Authors: Catherine Mann
Tags: #Suspense, #Man-Woman Relationships, #Action & Adventure, #Fiction, #Romance, #War & Military
Chuck tried again to relay his thoughts through his expression.
It’s okay, man. You’re here now.
“You did the right thing, hanging on. Don’t give up now.”
I didn’t talk
, he tried again to say, but just the effort of being awake sapped him. He closed his eyes and surrendered to the painkiller dousing his system. Or was it a death euphoria? Either way, after the hellish two weeks of holding strong, he didn’t have any fight left inside him.
He didn’t expect to live, but at least he wouldn’t die staring up at Marta’s evil face.
TWENTY-TWO
Nunez may have been winding his way around rows of military cop cars like all was well in his world, but he couldn’t get rid of the tic in the corner of his eye, a tic that had started the second a security police sergeant informed him that Anya Surac refused to leave the air base.

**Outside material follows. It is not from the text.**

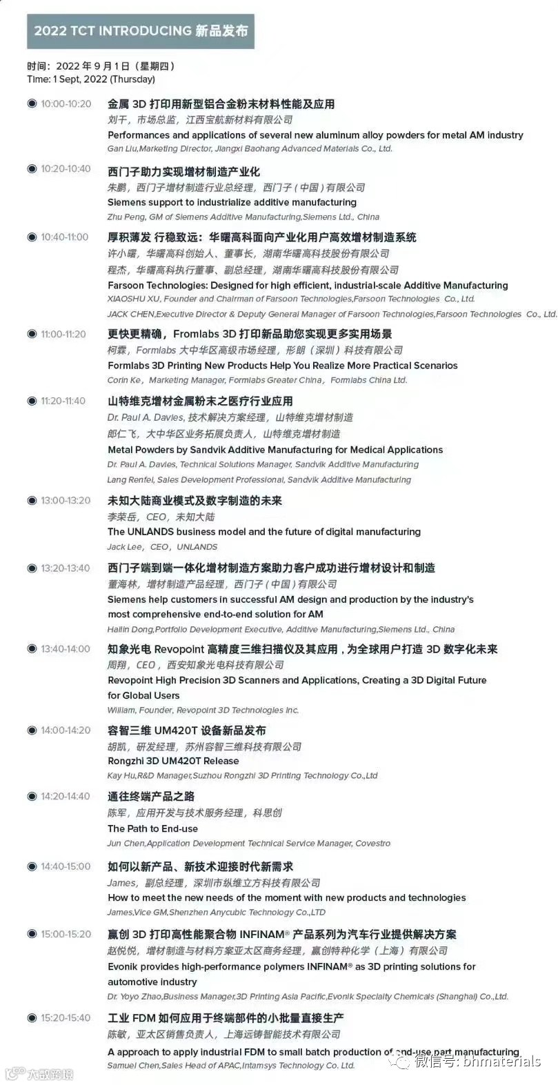TCT INTRODUCING是展商展示新产品的舞台,展商将通过TCT INTRODUCING在亚太地区首发最新产品,分享专业见解,带来创意与技术的碰撞。本次展会上,江西宝航市场总监刘干先生将带来《金属3D打印用新型铝合金粉末材料性能及应用/Performances and applications of several new aluminum alloy powders for metal AM industry》的主题演讲。演讲时间为2022年9月1日上午10:00-10:20,欢迎移步指导。
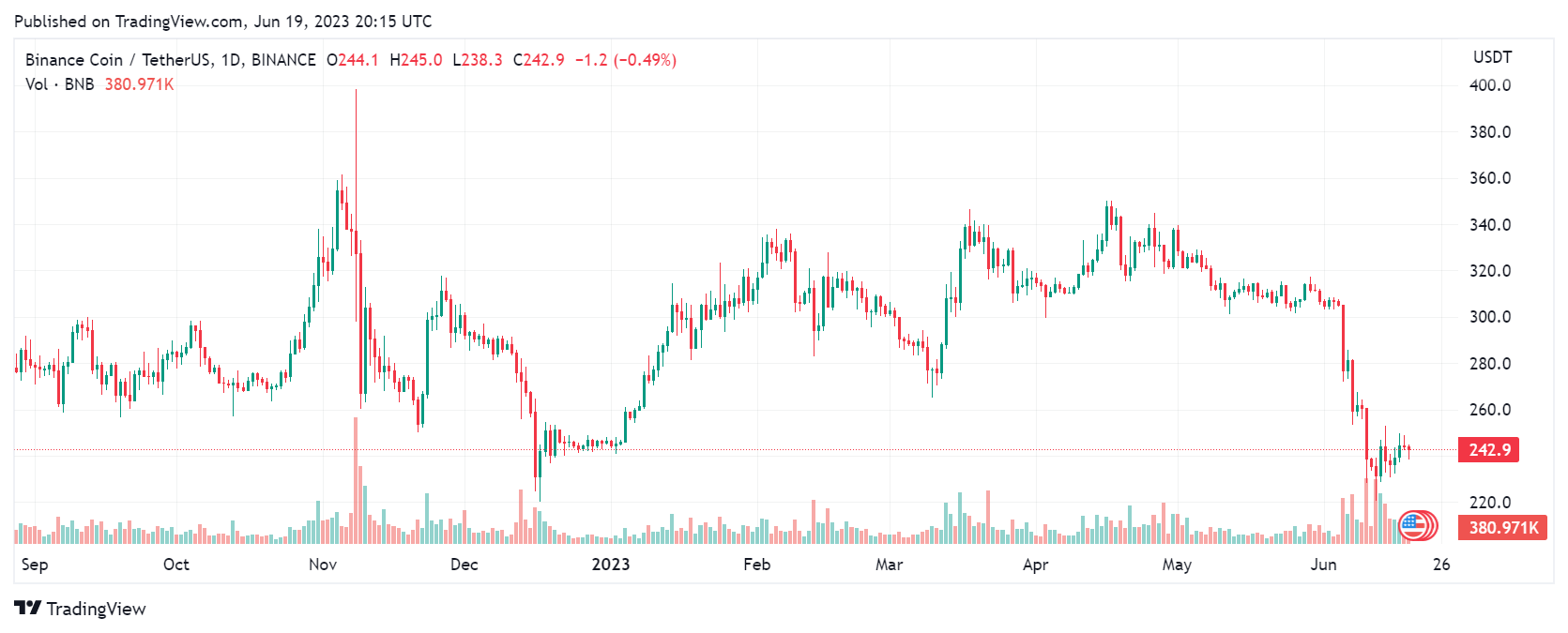 12 июня цифровая валюта Binance Coin (BNB) упала до $223, и появились рики ее обвала до $200.

This should have been a time for victory dancing. He’d retrieved Chuck Tanaka alive. Spiros Kutros was spilling information faster than the man used to puff dragon trails of smoke from Cuban cigars.
Sure, the backup dancer, Steven Fisher, had lawyered up, stating only that no way in hell was he ending up in a foreign jail. He wanted to go to the embassy, then home. Frustrating, but at least they had him in custody.
Could they accept Fisher’s story at face value, that he’d just called a pal for a ride and emotional support? Or had he set Livia up to be kidnapped? Hopefully, Kutros would answer those questions as well with time.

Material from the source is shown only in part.